ChaosBlade is an open source chaos engineering project of Alibaba in 2019. It includes chaos engineering experimental tool chaosblade and chaos engineering platform chaosblade-box. It aims to help enterprises solve high-availability problems in the cloud-native process through chaos engineering. The experimental tool chaosblade supports 3 large system platforms, 4 programming language applications, involving more than 200 experimental scenarios and more than 3000 experimental parameters, which can finely control the scope of the experiment. The chaos engineering platform chaosblade-box supports the hosting of experimental tools. In addition to the hosted chaosblade, it also supports the Litmuschaos experimental tools.
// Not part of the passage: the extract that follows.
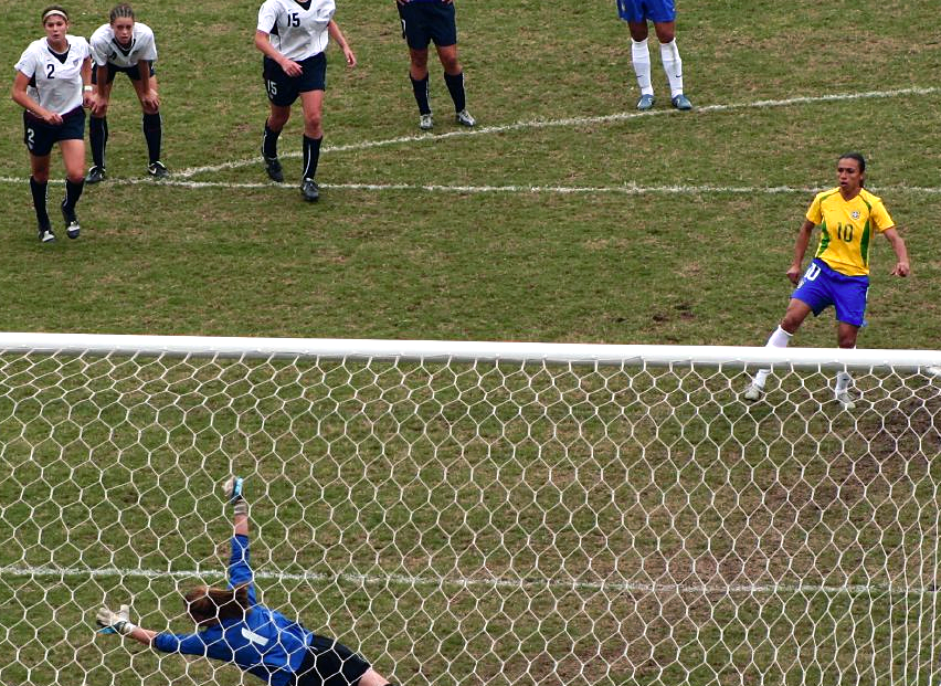 Marta scoring a penalty during the final of the 2007 Pan American Games (cropped from Image:Marta-3.jpg)

There are more than 40 registered companies, of which the ICBC, China Mobile, Xiaomi, JD.com and other companies have landed and used it.

Features#

  • Rich experimental scenarios: including basic resources (CPU, memory, network, disk, process, kernel, files, etc.), multilingual application services (Java, C++, NodeJS, Golang, etc.), Kubernetes platform (covering Container, Pod, Node resources) Scenes, including the above experimental scenes).
  • Diversified execution methods: In addition to using the platform white screen operation, it can also be executed through the blade tool or kubectl or coding that comes with the tool.
  • Convenient scenario expansion capability: All experimental scenarios follow the chaos experimental model implementation, and different levels of scenarios correspond to different actuators, which are simple to implement and easy to expand.
  • Automated deployment of experimental tools: There is no need to manually deploy experimental tools, and the automatic deployment of experimental tools on the host or cluster is realized.
  • Support for hosting of open source experimental tools: The platform can host mainstream experimental tools in the industry, such as its own chaosblade and external litmuschaos.
  • Unified Chaos Experiment User Interface: Users do not need to care about the way of using different tools, and perform chaos experiments in the unified user interface.
  • Multi-dimensional experiment method: Support experiment orchestration from the host to Kubernetes resources, and then to the application dimension.
  • Integrated cloud native ecology: Helm deployment management, integrated Prometheus monitoring, support for cloud native experiment tool hosting, etc.

Architecture design#

At the beginning of chaosblade design, we considered the ease of use and the convenience of scene expansion, which makes it convenient for everyone to use and expand more experimental scenes according to their own needs. Following the chaos experimental model, it provides unified operations and concise execution tools, and is divided according to domains. The scene realization is encapsulated into a single project to facilitate scene expansion in the field. Based on the domain implementation, chaosblade is packaged into a separate project. Each project is implemented according to best practices in each field. It can not only meet the usage habits of various fields, but also can establish a connection with the chaosblade cli project through the chaos experimental model, which is convenient to use, and uses chaosblade in a unified call. The yaml file based on the chaos experiment model describes the experimental scenes in various fields and is exposed to the upper chaos experiment platform. The Chaos Experiment Platform automatically perceives the changes in the experiment scene according to the changes in the experiment scene description file, without adding new scenes. Perform platform development again to make Chaos Platform more focused on other parts of Chaos Engineering.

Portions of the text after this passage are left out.